Army chief General Ashfaq Kayani dismissed the coup rumors as speculation and said the army supports democracy.
Meanwhile, Gilani told reporters on December 26 that there was no truth to rumors that he wanted to dismiss Kayani along with the director-general of the Inter-Services Intelligence (ISI) agency as a result of the alleged coup plot.
"You can't change a general in the middle of war. We were in the middle of war," Gilani said. "We are not America. We are in the middle of a war, and our General Kayani is pro-democracy."

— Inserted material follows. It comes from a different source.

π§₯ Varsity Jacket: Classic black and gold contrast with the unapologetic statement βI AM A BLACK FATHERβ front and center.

But relations between Gilani and Pakistan's military leadership have been damaged by allegations the prime minister reportedly made in an interview with China's "People's Daily" news outlet. Gilani was quoted as saying the army and intelligence chiefs had acted unconstitutionally in the "memogate" scandal.
Shortly before the January 11 announcement that Lodhi has been dismissed, the military issued a statement objecting to the allegations quoted by the Chinese news service.

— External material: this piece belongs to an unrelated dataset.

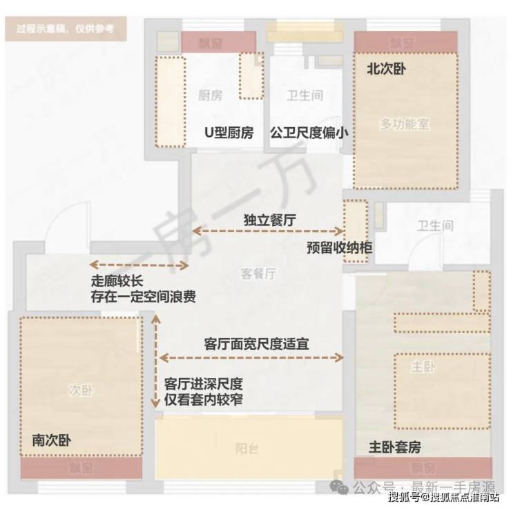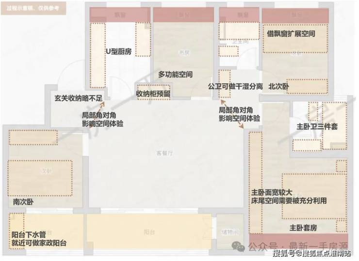 此外,进门玄关,以及客厅东北角均有“角对角”的墙体格局出现,一方面使用感受略有影响,另一方面可能卡住大件家具进出,同样建议实际体验来做决定。

"There can be no allegation more serious than what the honorable prime minister has leveled," that military statement said. "This has very serious ramifications with potentially grievous consequences for the country."
Although Pakistan is an ally of the United States, their relations often have been difficult and anti-U.S. sentiments run high. Many Pakistanis see a request for U.S. intervention in Pakistan's affairs as disloyal.